AVAILABLE RECORDS: Begin
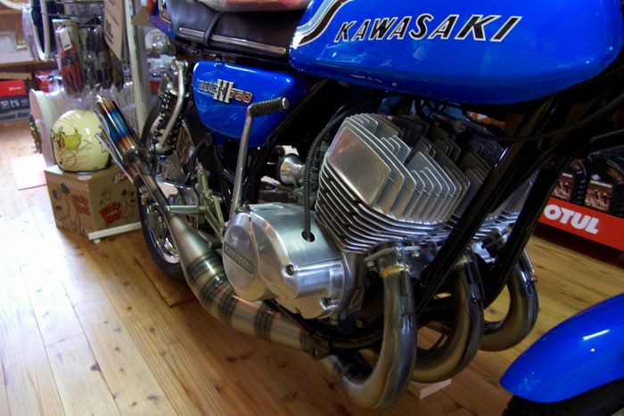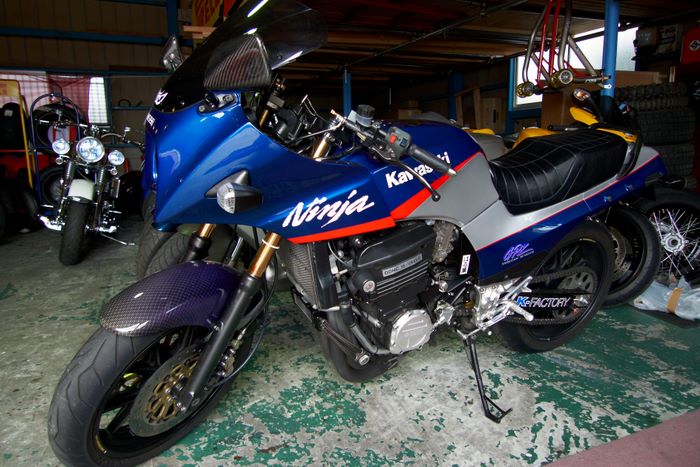 その後、前から来たかったニンジャやスポーツスターのカスタムで有名な「ブルドッカーダゴス」さんを訪問、カスタム忍者・マッハⅢ・車検整備中の東本さんのドマーニを見せてもらう!!どれも「カッコイイ」基本ハーレーに限らずバイク全般大好きなんです♪
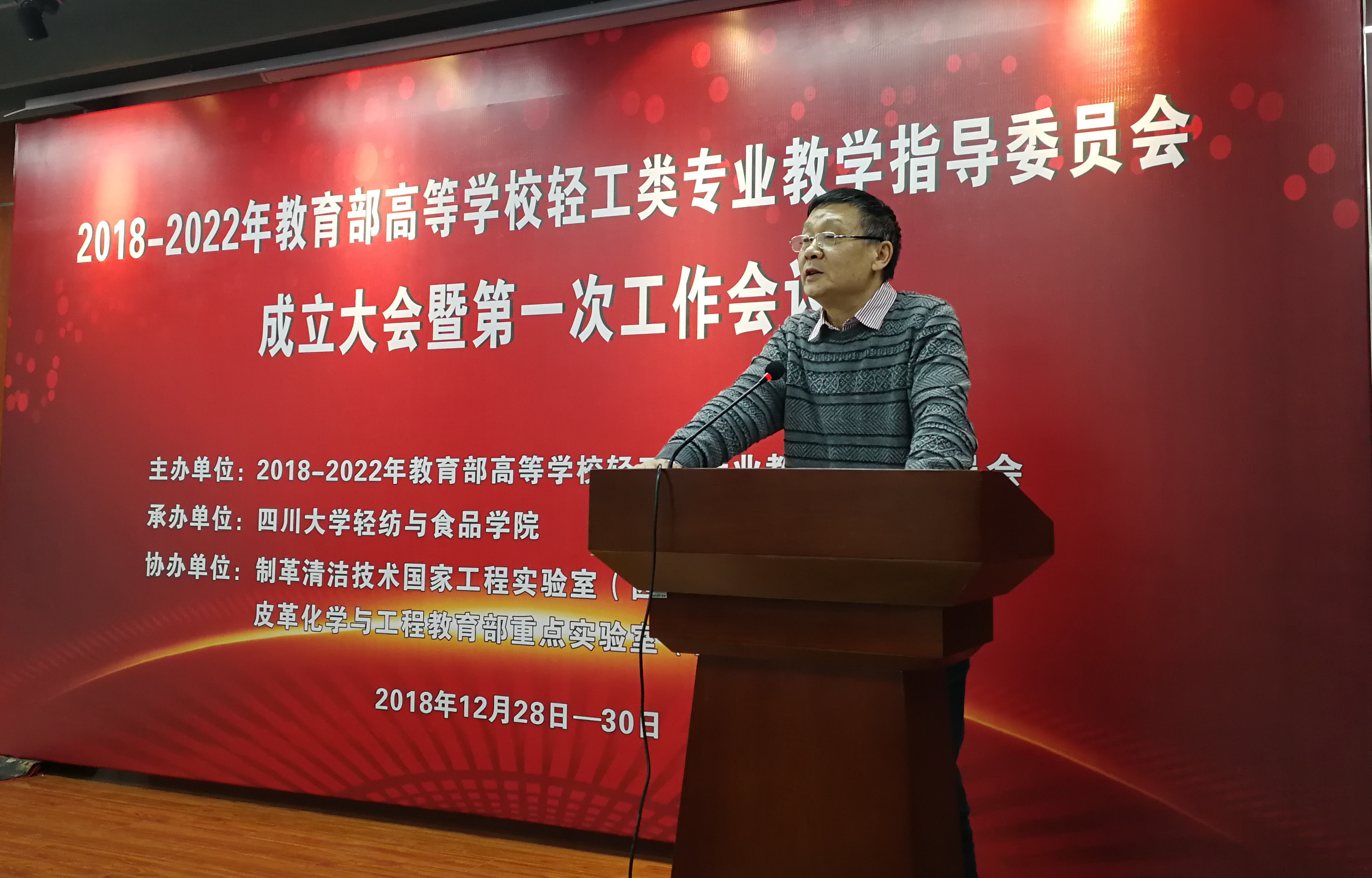 为全面贯彻落实全国教育大会精神、新时代全国高等学校本科教育工作会议和教育部2018-2022年高等学校教学指导委员会成立会议精神,研讨筹划轻工类教指委工作,2018年12月28日至30日,由“教育部高等学校轻工类专业教学指导委员会”主办,四川大学轻纺与食品学院承办,制革清洁技术国家工程实验室和皮革化学与工程教育部重点实验室协办,“2018-2022年教育部高等学校轻工类专业教学指导委员会(以下简称“轻工类教指委”)成立大会暨第一次工作会议”在四川大学(四川成都)隆重召开。
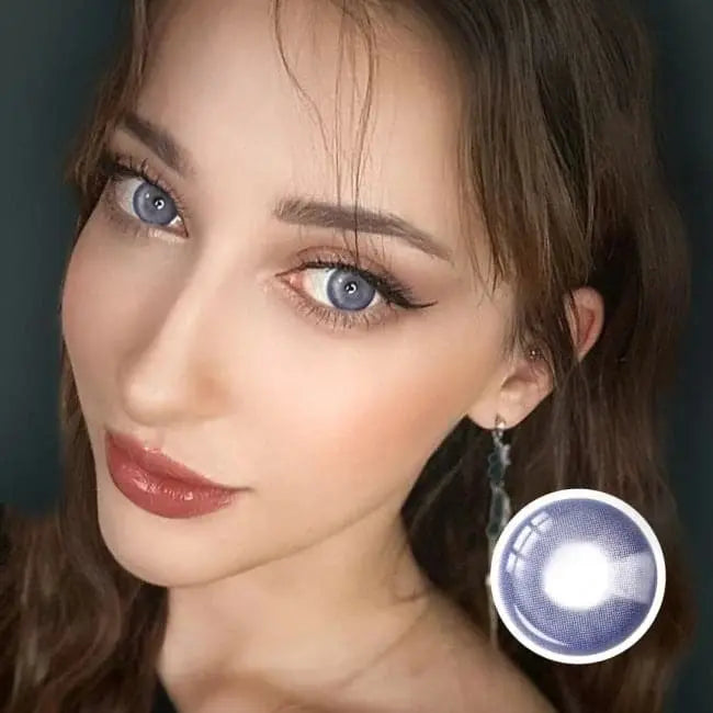 Color visibility depends on your natural eye color. If you have dark brown eyes, lighter or enhancement tint lenses may not show up as vibrantly. That’s why we recommend choosing opaque or vibrant vivid lenses, which are designed with strong pigmentation to effectively cover darker irises. These lenses offer a more noticeable and dramatic color change, allowing the intended shade whether blue, gray, green, or violet to appear more true to how it looks in the packaging.
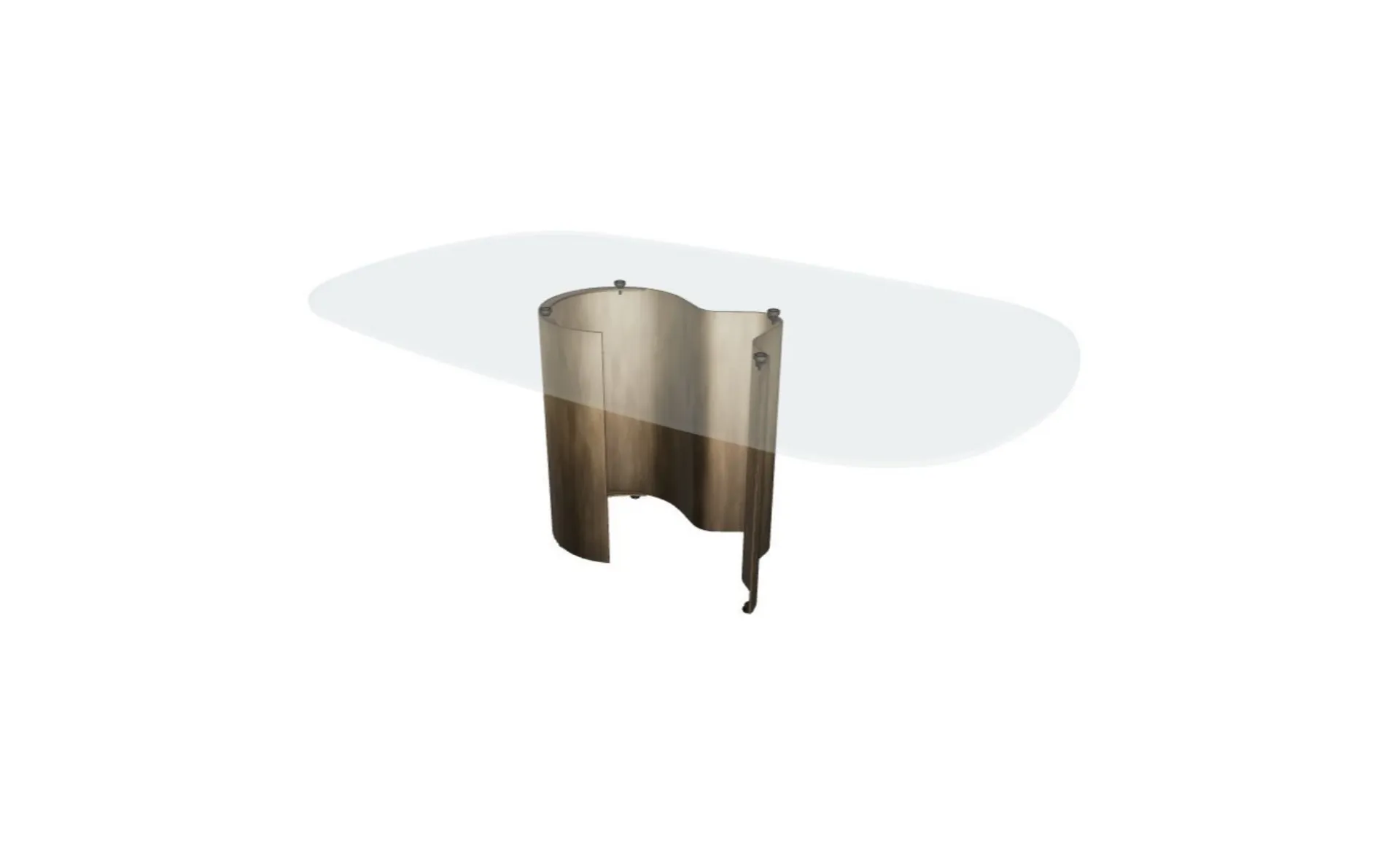 FINITURA: Base in acciaio verniciato Oxybrass. Piano in cristallo trasparente extrachiaro 15mm.
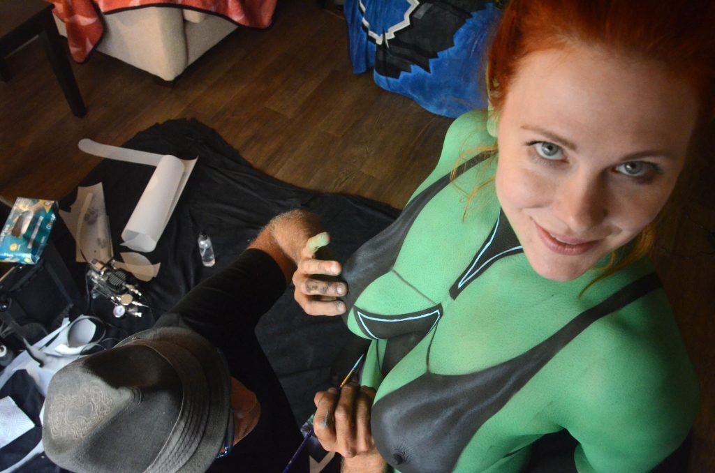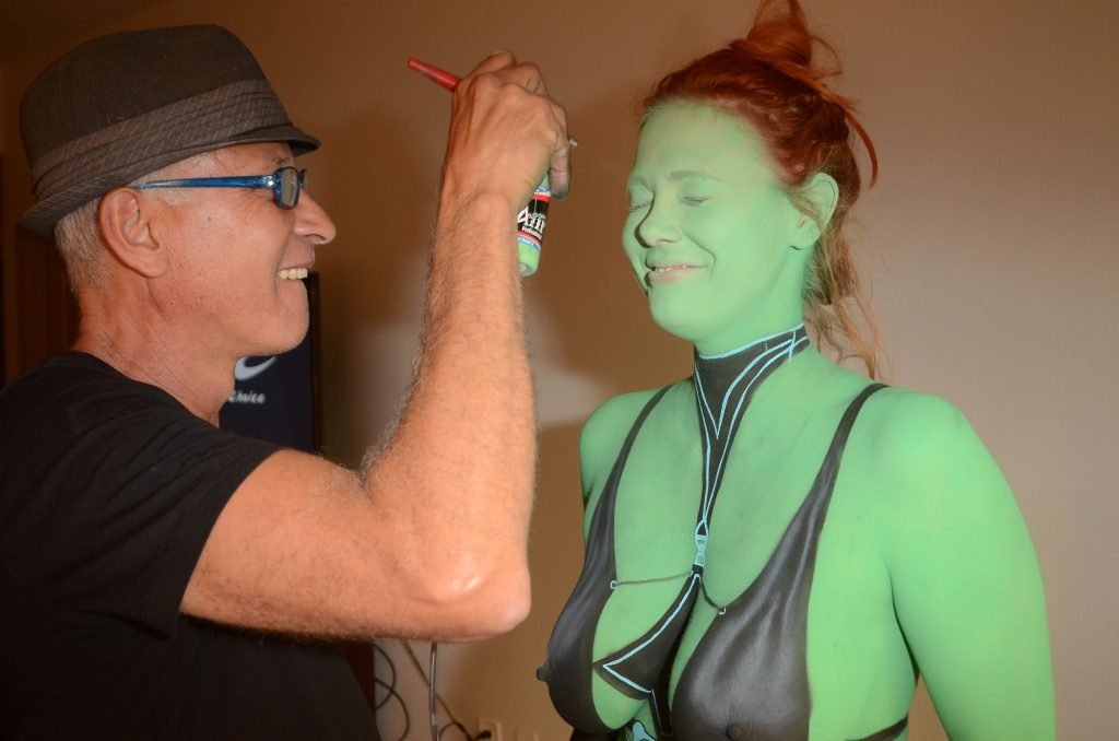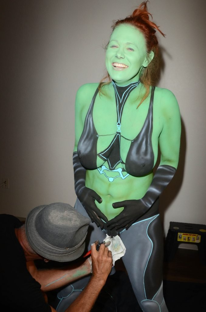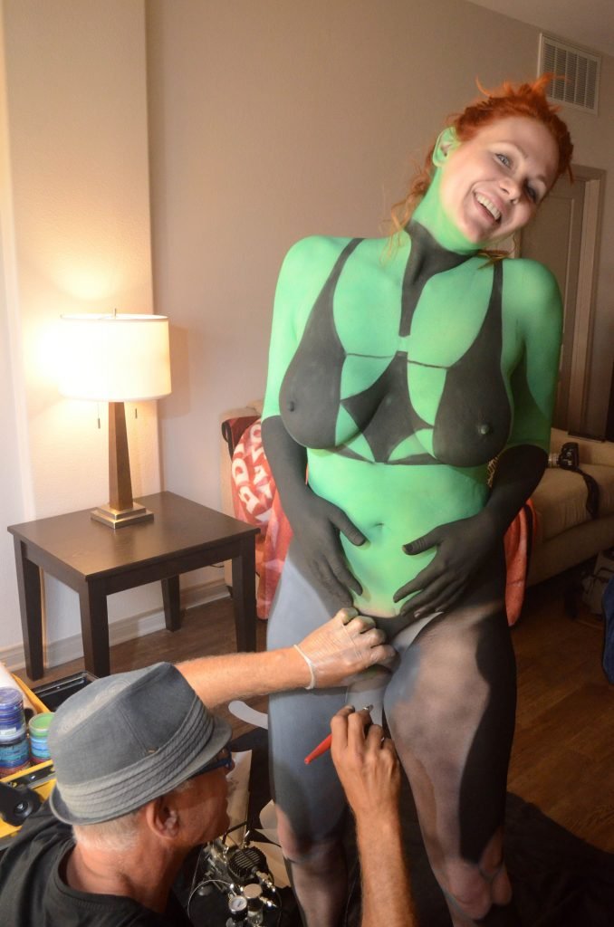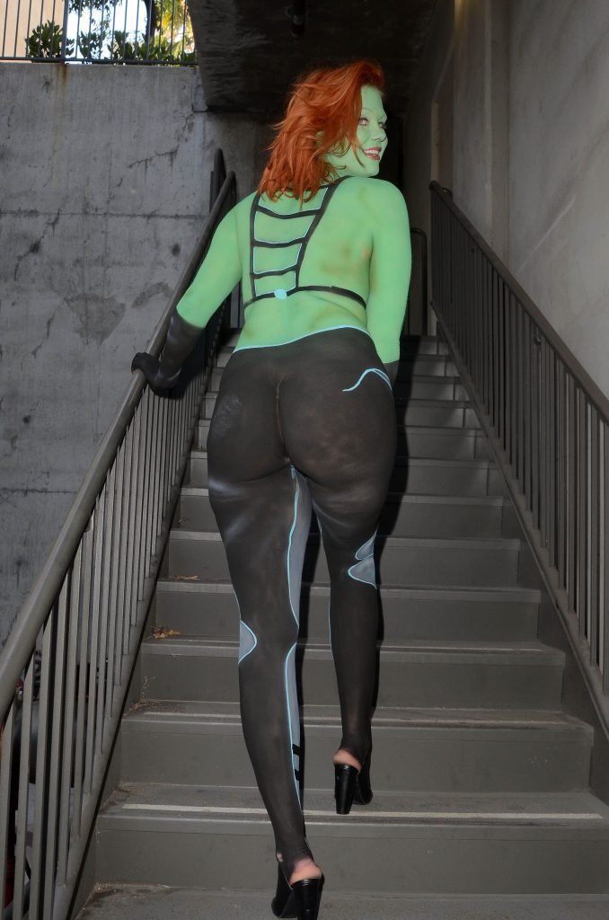 Maitland Ward ha il suo personaggio personalizzato chiamato “Vetra” dipinto sul suo corpo nudo dall’artista aerografo Luciano Paesani prima di dirigersi verso il centro di San Diego per il San Diego Comic-Con, 21/07/2017.
AVAILABLE RECORDS: End
PROBLEM STATEMENT >>
Give the lines again exactly, beginning with the first line of the records above and ending with the line that contains "FINITURA: Base in", and include no pictures.

TASK SOLUTION >>
 その後、前から来たかったニンジャやスポーツスターのカスタムで有名な「ブルドッカーダゴス」さんを訪問、カスタム忍者・マッハⅢ・車検整備中の東本さんのドマーニを見せてもらう!!どれも「カッコイイ」基本ハーレーに限らずバイク全般大好きなんです♪
 为全面贯彻落实全国教育大会精神、新时代全国高等学校本科教育工作会议和教育部2018-2022年高等学校教学指导委员会成立会议精神,研讨筹划轻工类教指委工作,2018年12月28日至30日,由“教育部高等学校轻工类专业教学指导委员会”主办,四川大学轻纺与食品学院承办,制革清洁技术国家工程实验室和皮革化学与工程教育部重点实验室协办,“2018-2022年教育部高等学校轻工类专业教学指导委员会(以下简称“轻工类教指委”)成立大会暨第一次工作会议”在四川大学(四川成都)隆重召开。
 Color visibility depends on your natural eye color. If you have dark brown eyes, lighter or enhancement tint lenses may not show up as vibrantly. That’s why we recommend choosing opaque or vibrant vivid lenses, which are designed with strong pigmentation to effectively cover darker irises. These lenses offer a more noticeable and dramatic color change, allowing the intended shade whether blue, gray, green, or violet to appear more true to how it looks in the packaging.
 FINITURA: Base in acciaio verniciato Oxybrass. Piano in cristallo trasparente extrachiaro 15mm.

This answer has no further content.